Ainsi, alors que le journaliste Patrick Cohen a dans un éditorial sur France 5 fait l’énumération de nos comportements égoïstes délétères, certains lui ont répondu :
« En complet désaccord. Une stratégie de prévention ne repose pas sur des comportements individuels. On ne peut pas avoir un pilotage de la stratégie comme c’est fait, aucun soutien en politique sociale, et se plaindre que les Français fassent n’importe quoi.
On sait que « demander aux employeurs de faire le maximum pour favoriser le télétravail », c’est pas la même chose que de l’obliger et de le faire contrôler par des inspecteurs du travail.
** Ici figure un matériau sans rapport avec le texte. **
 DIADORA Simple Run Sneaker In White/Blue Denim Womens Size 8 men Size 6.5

Dire aux gens de s’isoler en cas de symptômes quand il y a de la précarité, des jours de carence, ça n’a pas la même efficacité que d’avoir des dispositifs sociaux forts et lisibles pour cela. Les équipes de contact traçing, ce n’est pas les comportements individuels qui les mettent en place Etc. etc.
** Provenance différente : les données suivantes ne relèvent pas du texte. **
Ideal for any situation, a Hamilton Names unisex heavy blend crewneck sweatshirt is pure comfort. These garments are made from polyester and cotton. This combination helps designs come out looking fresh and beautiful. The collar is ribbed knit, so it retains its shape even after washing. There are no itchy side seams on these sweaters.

On ne peut pas briguer le titre de « responsable politique » et ensuite dire, « ouais mais c’est pas de notre faute », fustige par exemple le docteur Quentin Durand-Moreau (Université d’Alberta).
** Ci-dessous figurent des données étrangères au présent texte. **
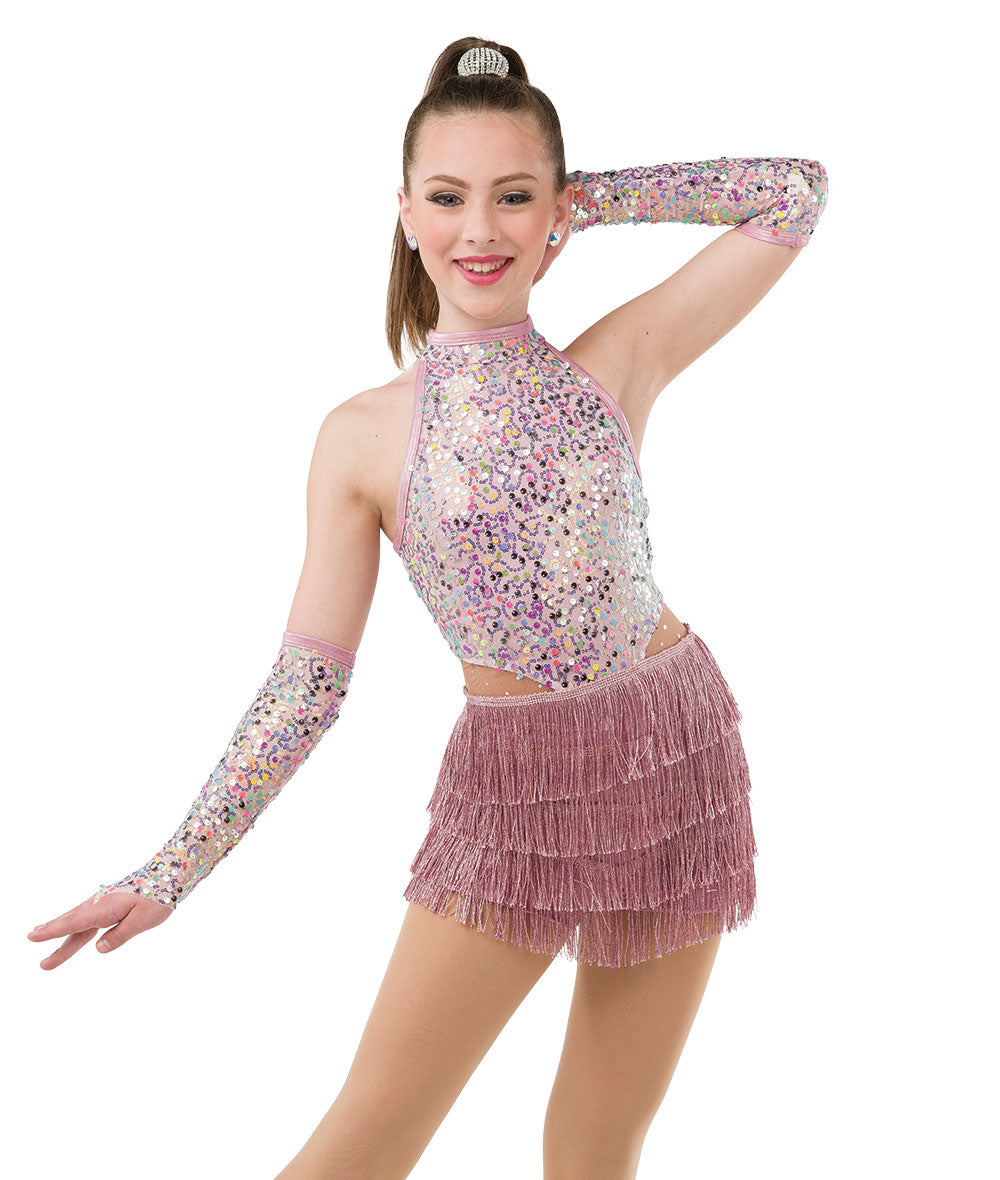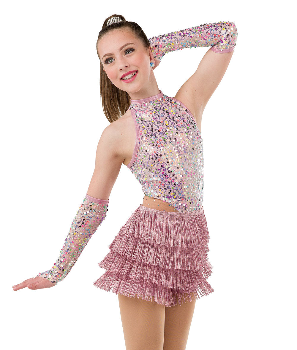 Lined multicolor iridescent sequin mesh and foil lycra shortall with tan sequin dot mesh insets. Attached metallic fringe skirt. Mitts sold separately. Made in the USA.

Sylvain Rakotoarison ajoute pour sa part : « C’est un discours qu’on entend pas mal en ce moment. Oui, les « gens » se sont relâchés, cet été, ont cru que l’épidémie était finie, et à cause d’eux, car il y a un lien de causalité qui est un lien de responsabilité, dans l’idée, la seconde vague arrive, et grandement.
Eh bien, je trouve que c’est doublement injuste. D’une part, j’ai trouvé, en France du moins, que les « gens » ont, au contraire, été très raisonnables. D’abord lors du confinement du printemps qui a été très largement respecté. Ensuite lors du déconfinement et à chaque nouvelle mesure sanitaire, les Français les ont généralement appliquées, même si parfois, ils ont râlé, ils sont restés dans les faits raisonnables (après tout, qu’importe de dire non et de faire oui, c’est le résultat qui compte).
Je trouve d’ailleurs que les pouvoirs publics n’insistent pas assez sur la bienveillance et l’esprit collectif des Français, peut-être parce que cela étonne tellement qu’on ne le voit pas, trop habitué aux préjugés qui n’ont plus cours. D’autre part, si effectivement il y a eu une minorité d’insouciants, de gens plutôt jeunes qui faisaient la fête l’été, cela n’explique pas d’une part, pourquoi il n’y a eu aucune recrudescence en été ni, d’autre part, pourquoi la seconde vague arrive aussi violemment à la figure en octobre. Je reste avec mon analogie qui mêle de la même manière liberté individuelle et sécurité collective, le code de la route.
Les automobilistes respectent dans leur grande majorité les limitations de vitesse, la preuve, c’est qu’une très grande proportion a gardé tous les points du permis de conduire (ce qui ne les empêche pas de râler contre certaines de ces limitations, évidemment), et il y a toujours un petit pourcentage de fous du volant, de chauffards qui, quoi qu’on fasse, ne respecteront pas le code de la route, mais malgré leur existence, cela n’a pas empêché de réduire de 17 000 à 3 000 le nombre de morts sur les routes chaque année.
Ces « chauffards » de la route, ce sont les fêtards du coronavirus : leur existence reste très minoritaire ».
On peut par ailleurs observer ces comportements avec une indulgence existentielle en se rappelant que même toutes les protections du monde, tous les masques, ne permettent pas d’éviter la mort, qu’elle soit provoquée par une infection ou une toute autre pathologie et qu’il y a dans la persistance de la fête malgré les menaces épidémiques ou terroristes, une conscience, une acceptation de cette fragilité et un désir de profiter de ce qu’apporte la vie, malgré les menaces inévitables.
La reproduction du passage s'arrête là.